- **Problem to work on**: Repeat exactly the lines of the records below, starting at the line containing "根据《中华人民共和国政府采购" and ending at the line containing "الدرج الاول وضعت". Leave the pictures out.

(Beginning of Listed records)

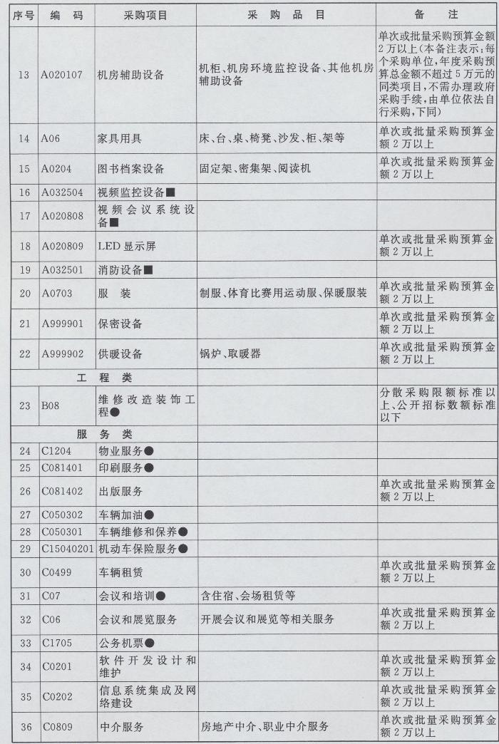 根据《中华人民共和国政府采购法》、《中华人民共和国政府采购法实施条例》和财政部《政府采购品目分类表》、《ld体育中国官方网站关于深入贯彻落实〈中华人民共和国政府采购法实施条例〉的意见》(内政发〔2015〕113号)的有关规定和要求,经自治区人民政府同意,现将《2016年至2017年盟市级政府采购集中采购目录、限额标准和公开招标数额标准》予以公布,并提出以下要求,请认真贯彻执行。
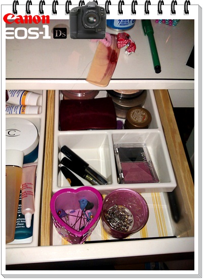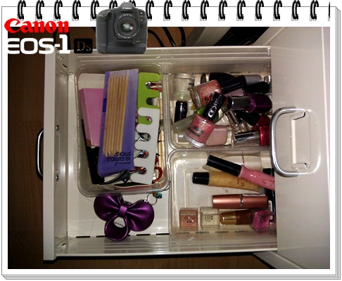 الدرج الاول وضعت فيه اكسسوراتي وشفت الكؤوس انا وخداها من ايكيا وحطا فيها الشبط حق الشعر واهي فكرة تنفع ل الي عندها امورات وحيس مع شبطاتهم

(End of Listed records)
(Beginning of Listed records)

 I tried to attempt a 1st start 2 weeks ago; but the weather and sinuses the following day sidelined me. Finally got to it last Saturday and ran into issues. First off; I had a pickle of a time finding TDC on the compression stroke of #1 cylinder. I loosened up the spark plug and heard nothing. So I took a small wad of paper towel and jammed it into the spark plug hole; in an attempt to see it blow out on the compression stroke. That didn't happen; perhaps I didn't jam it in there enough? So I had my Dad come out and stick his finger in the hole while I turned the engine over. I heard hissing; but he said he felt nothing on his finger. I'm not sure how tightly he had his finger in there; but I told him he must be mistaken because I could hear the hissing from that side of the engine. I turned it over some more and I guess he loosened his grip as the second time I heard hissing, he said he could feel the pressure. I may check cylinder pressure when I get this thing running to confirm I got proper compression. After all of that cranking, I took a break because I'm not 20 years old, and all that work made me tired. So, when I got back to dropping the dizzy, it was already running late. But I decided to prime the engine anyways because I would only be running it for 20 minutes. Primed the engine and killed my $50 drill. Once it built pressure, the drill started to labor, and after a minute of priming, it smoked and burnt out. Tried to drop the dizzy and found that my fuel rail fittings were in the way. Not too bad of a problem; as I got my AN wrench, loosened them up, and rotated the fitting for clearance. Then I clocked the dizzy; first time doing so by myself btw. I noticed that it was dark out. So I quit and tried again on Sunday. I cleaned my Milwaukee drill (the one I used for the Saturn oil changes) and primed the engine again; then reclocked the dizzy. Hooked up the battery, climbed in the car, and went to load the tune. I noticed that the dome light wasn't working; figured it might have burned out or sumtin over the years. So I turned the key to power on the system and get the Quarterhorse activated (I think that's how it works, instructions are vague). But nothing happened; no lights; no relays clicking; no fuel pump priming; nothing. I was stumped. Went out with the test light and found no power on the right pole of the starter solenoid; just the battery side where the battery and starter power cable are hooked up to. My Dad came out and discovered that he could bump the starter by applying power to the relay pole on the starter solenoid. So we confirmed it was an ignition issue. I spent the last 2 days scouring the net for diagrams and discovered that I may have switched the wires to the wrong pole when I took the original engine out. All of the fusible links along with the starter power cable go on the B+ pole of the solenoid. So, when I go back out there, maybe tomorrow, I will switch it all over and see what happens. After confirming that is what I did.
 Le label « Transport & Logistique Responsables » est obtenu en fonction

(End of Listed records)

- **Written solution**:
 根据《中华人民共和国政府采购法》、《中华人民共和国政府采购法实施条例》和财政部《政府采购品目分类表》、《ld体育中国官方网站关于深入贯彻落实〈中华人民共和国政府采购法实施条例〉的意见》(内政发〔2015〕113号)的有关规定和要求,经自治区人民政府同意,现将《2016年至2017年盟市级政府采购集中采购目录、限额标准和公开招标数额标准》予以公布,并提出以下要求,请认真贯彻执行。
 الدرج الاول وضعت فيه اكسسوراتي وشفت الكؤوس انا وخداها من ايكيا وحطا فيها الشبط حق الشعر واهي فكرة تنفع ل الي عندها امورات وحيس مع شبطاتهم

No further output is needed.